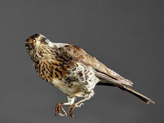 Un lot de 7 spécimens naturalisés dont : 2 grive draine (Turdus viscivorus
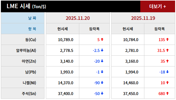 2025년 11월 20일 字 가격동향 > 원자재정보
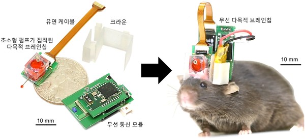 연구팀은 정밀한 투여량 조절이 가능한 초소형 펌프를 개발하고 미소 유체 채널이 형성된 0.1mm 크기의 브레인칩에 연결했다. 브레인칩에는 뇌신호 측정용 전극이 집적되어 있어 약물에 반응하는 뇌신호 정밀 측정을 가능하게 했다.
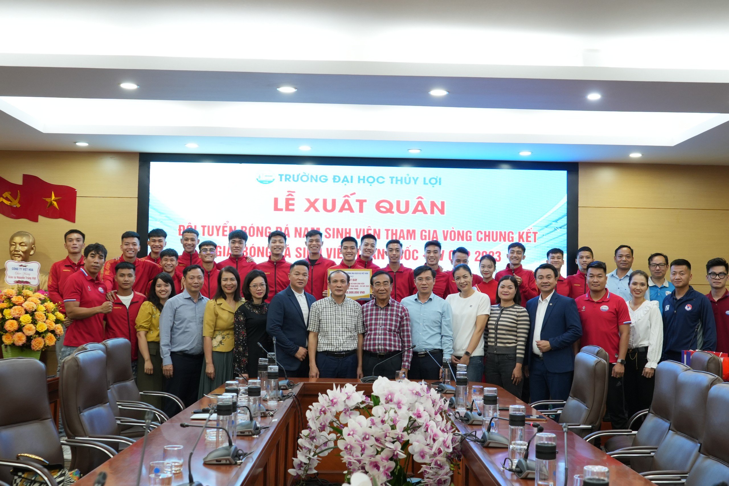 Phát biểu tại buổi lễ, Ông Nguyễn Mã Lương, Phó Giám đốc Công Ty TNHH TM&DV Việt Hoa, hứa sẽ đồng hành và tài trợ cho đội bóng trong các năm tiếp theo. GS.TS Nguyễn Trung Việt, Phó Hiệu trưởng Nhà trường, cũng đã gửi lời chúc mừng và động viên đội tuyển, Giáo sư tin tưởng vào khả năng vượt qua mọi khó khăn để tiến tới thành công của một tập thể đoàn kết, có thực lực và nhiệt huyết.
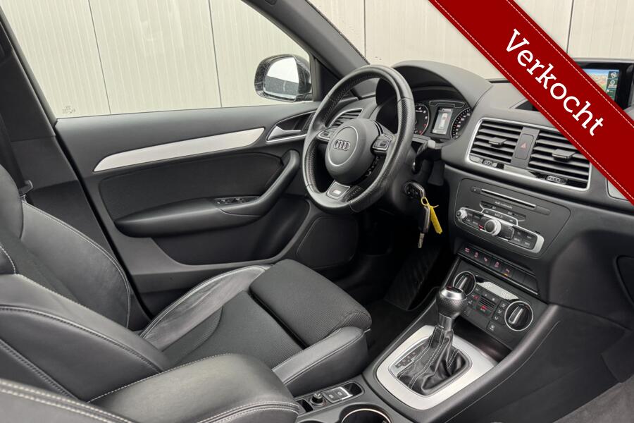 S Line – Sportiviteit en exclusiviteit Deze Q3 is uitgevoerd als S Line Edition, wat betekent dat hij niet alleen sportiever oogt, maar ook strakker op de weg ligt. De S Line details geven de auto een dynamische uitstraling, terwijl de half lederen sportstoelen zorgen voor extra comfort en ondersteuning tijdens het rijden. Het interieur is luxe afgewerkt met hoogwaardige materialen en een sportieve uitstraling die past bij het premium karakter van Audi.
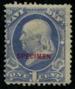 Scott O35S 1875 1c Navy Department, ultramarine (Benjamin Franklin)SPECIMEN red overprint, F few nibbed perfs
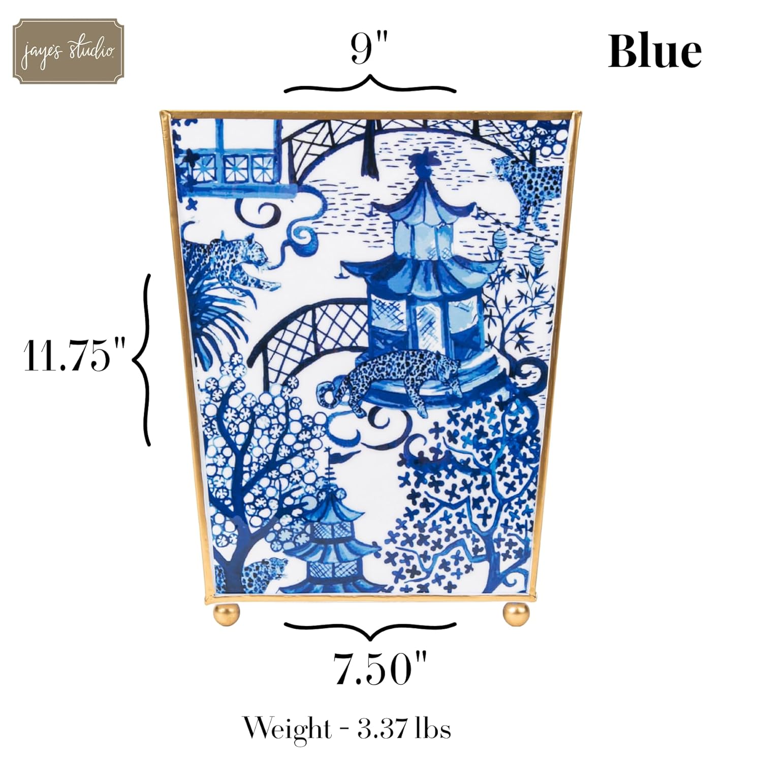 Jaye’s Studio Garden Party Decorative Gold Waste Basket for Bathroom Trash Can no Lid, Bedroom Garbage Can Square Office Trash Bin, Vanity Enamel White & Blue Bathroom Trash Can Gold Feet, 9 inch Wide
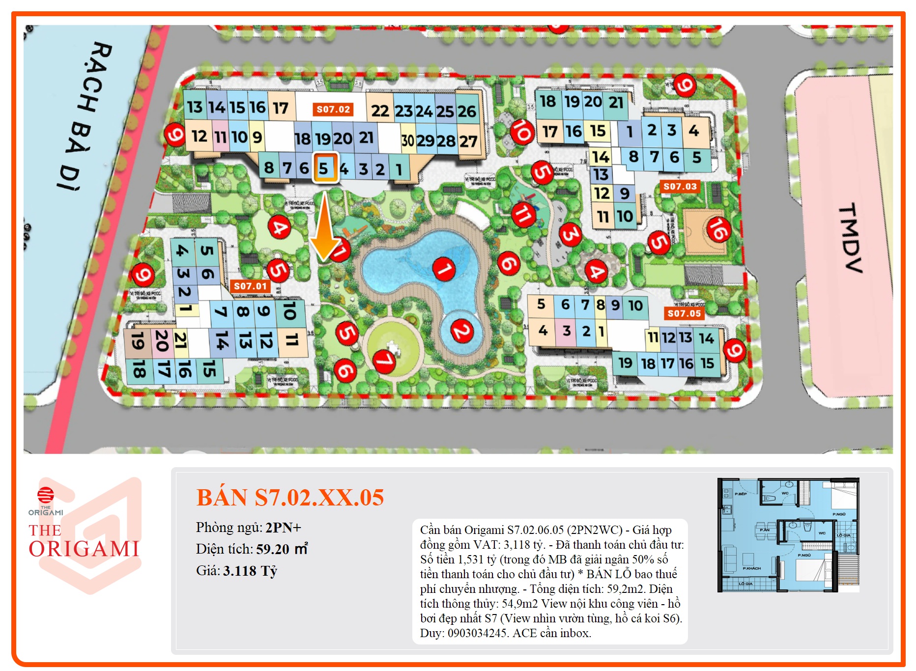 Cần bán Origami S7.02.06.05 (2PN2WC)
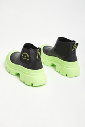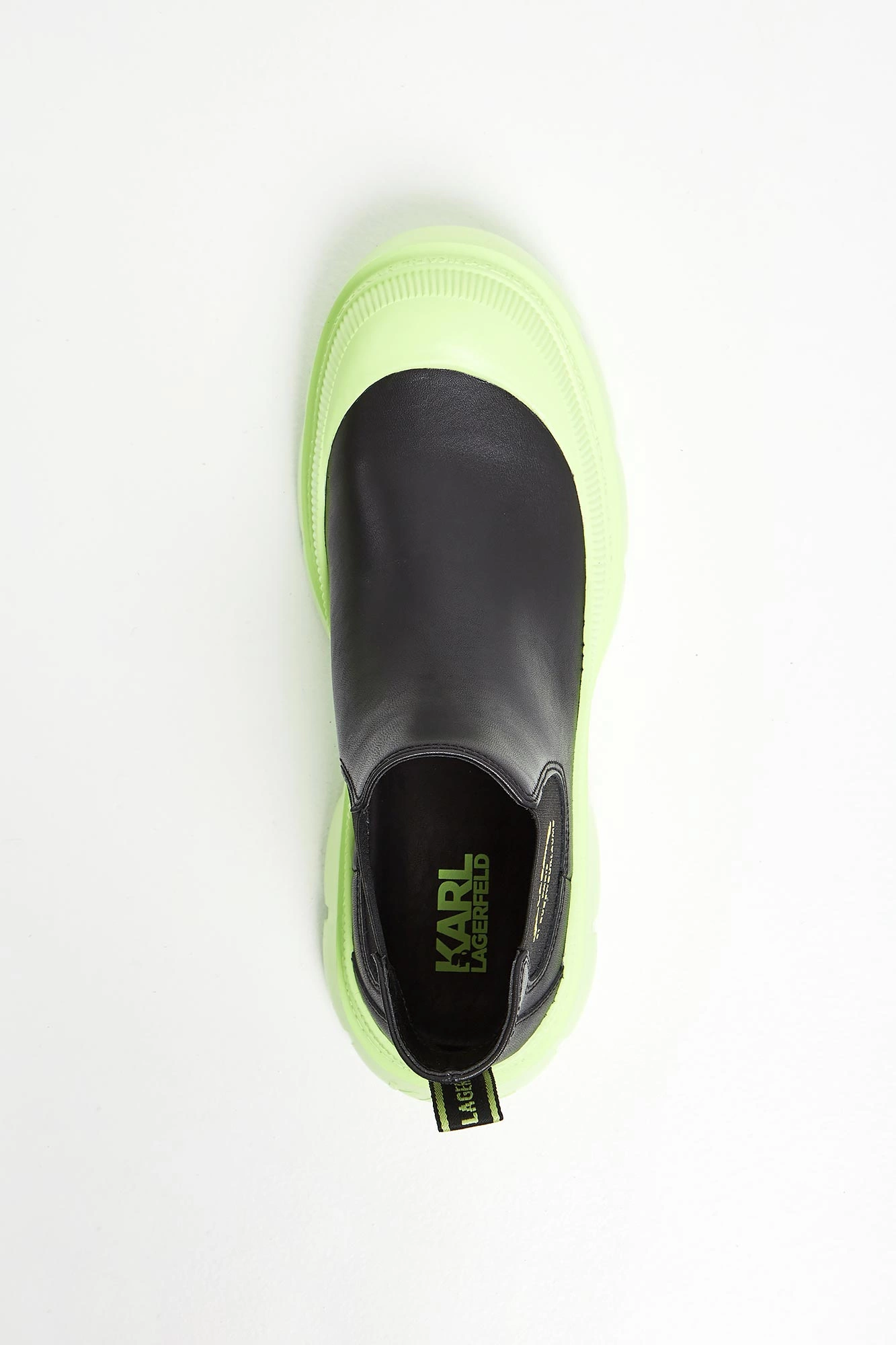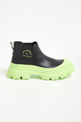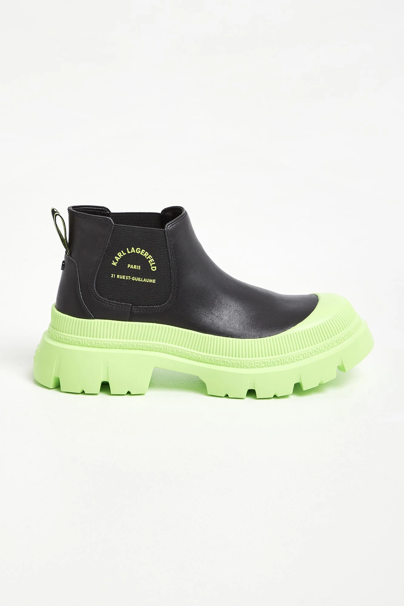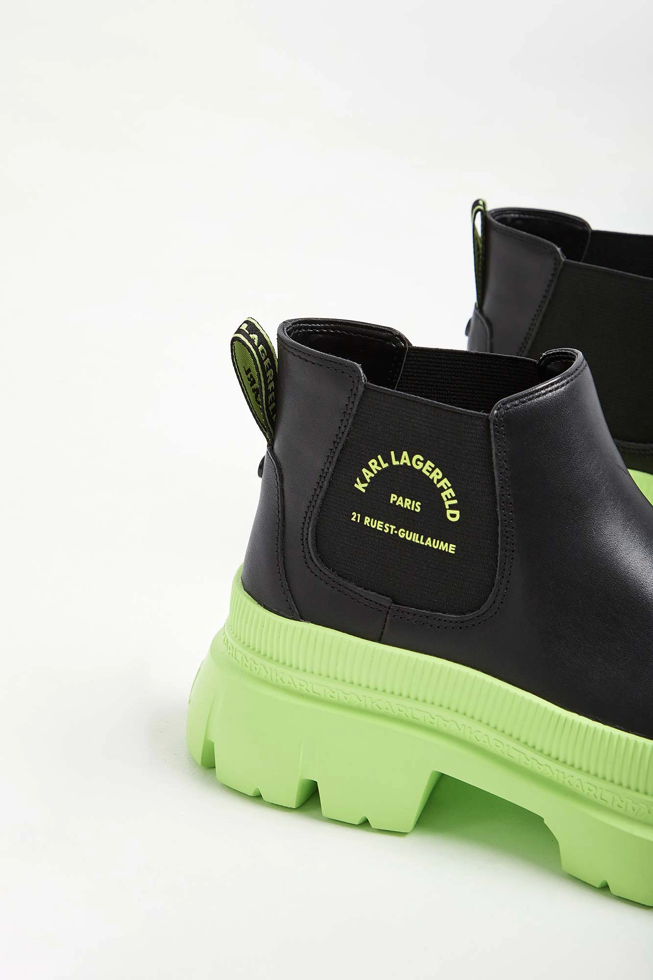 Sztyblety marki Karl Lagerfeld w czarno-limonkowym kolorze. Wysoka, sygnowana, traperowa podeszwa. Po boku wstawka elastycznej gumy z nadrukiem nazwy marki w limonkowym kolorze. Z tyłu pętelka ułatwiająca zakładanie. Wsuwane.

---

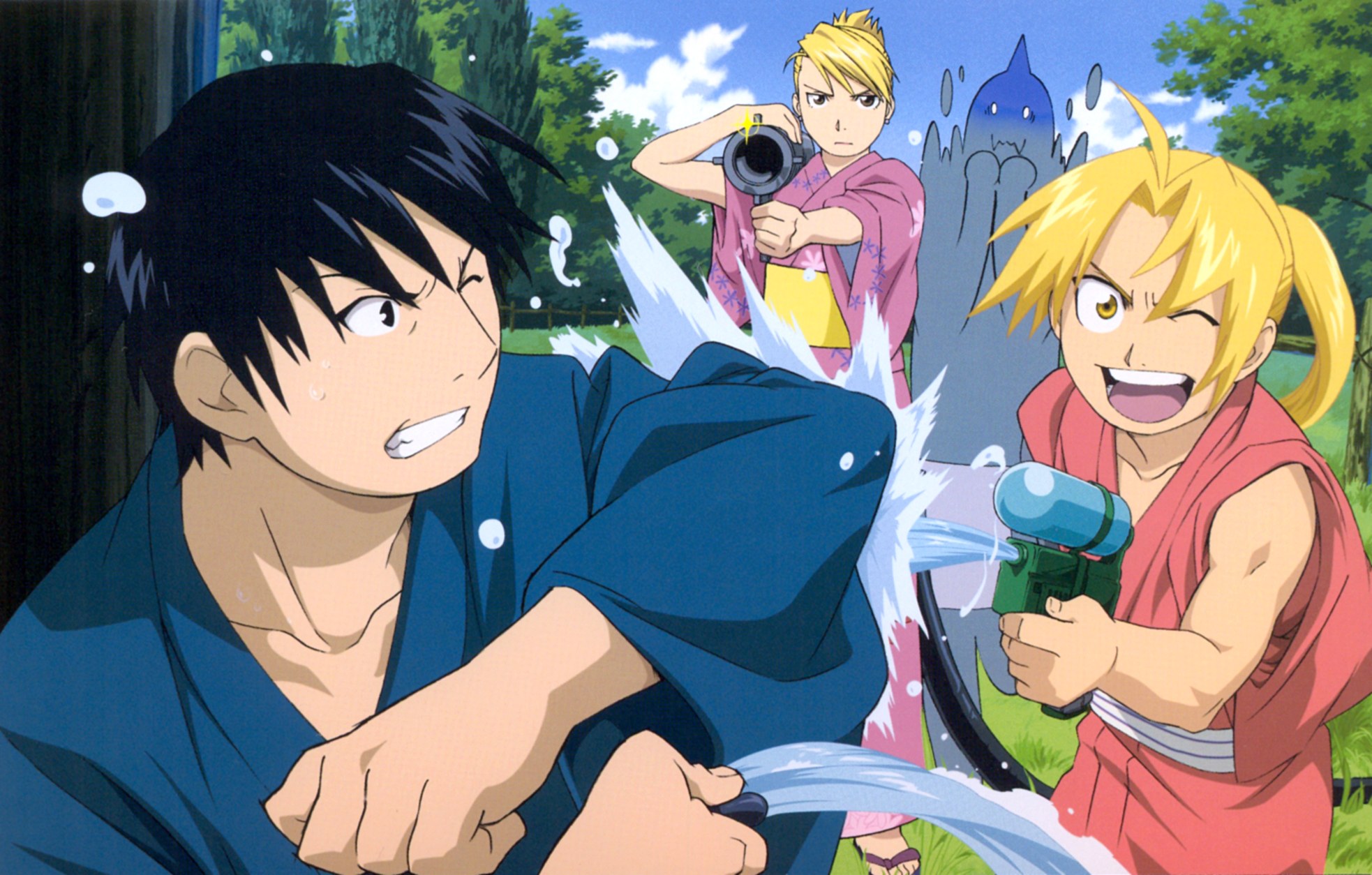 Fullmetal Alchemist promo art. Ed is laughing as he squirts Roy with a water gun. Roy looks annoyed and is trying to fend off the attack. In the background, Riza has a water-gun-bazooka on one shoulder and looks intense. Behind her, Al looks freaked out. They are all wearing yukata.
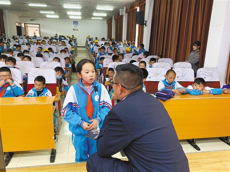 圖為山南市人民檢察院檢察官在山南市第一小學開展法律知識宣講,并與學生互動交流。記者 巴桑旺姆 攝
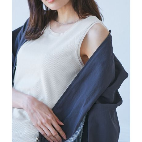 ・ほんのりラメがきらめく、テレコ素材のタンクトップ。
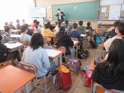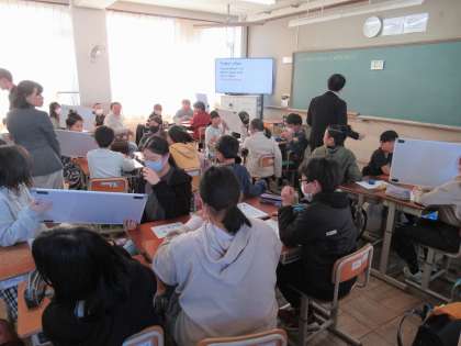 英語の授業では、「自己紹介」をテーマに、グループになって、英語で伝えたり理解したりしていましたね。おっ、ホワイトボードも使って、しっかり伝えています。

---

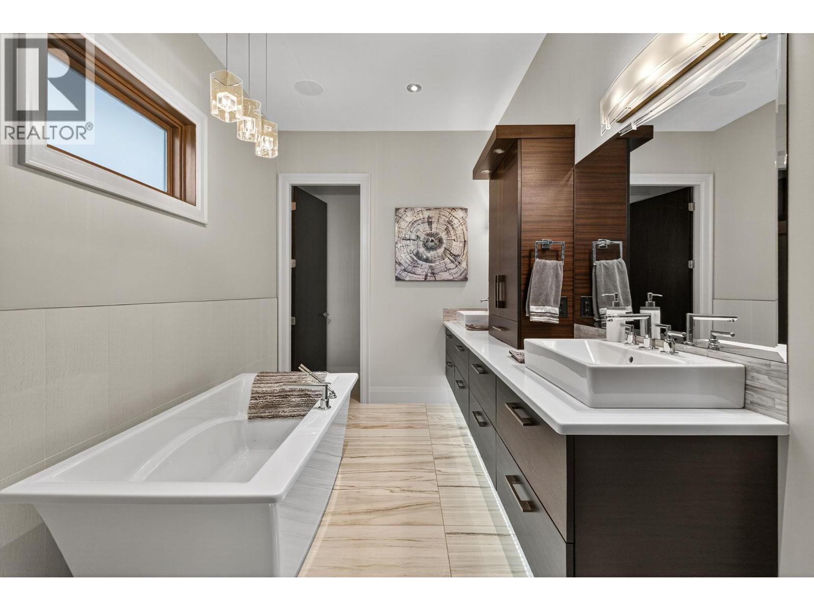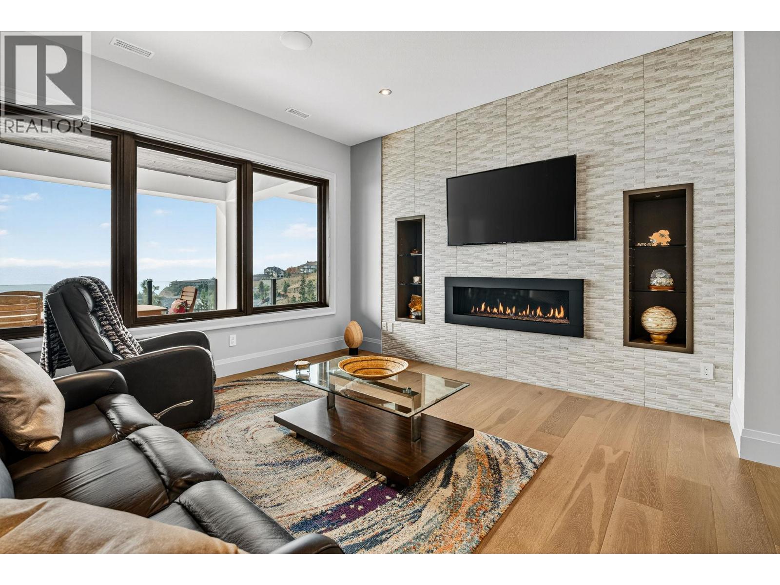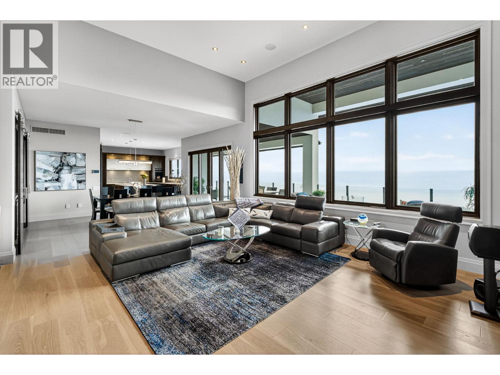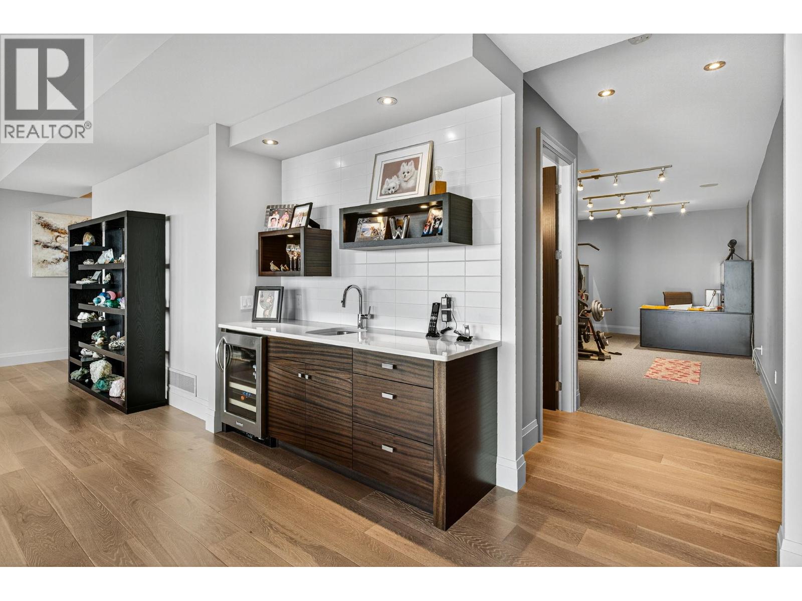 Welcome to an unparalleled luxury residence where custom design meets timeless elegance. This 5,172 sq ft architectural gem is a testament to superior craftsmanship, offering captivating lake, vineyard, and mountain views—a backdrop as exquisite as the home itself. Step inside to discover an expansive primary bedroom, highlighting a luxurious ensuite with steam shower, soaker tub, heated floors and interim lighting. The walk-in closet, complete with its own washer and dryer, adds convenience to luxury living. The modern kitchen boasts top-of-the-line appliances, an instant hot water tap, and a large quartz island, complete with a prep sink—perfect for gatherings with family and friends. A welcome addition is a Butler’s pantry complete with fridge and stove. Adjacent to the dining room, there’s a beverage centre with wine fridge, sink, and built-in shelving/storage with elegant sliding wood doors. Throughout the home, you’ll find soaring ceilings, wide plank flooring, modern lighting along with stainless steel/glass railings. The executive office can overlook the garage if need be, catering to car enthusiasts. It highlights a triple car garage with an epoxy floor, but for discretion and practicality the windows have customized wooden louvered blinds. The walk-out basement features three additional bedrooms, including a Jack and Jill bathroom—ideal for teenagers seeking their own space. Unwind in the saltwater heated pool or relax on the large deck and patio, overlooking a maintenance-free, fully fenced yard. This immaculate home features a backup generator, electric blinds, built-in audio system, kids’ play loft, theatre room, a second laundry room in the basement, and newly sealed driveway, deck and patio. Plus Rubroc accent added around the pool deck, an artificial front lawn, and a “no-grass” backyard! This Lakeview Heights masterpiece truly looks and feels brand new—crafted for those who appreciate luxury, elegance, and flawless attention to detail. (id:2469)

• WORK TO BE COMPLETED
All that should be printed is the run of lines above from the one with "Scott O35S 1875" through the one with "Jaye’s Studio Garden", both included, exactly as given, with pictures left out.

• SOLUTION TO THE EXERCISE
 Scott O35S 1875 1c Navy Department, ultramarine (Benjamin Franklin)SPECIMEN red overprint, F few nibbed perfs
 Jaye’s Studio Garden Party Decorative Gold Waste Basket for Bathroom Trash Can no Lid, Bedroom Garbage Can Square Office Trash Bin, Vanity Enamel White & Blue Bathroom Trash Can Gold Feet, 9 inch Wide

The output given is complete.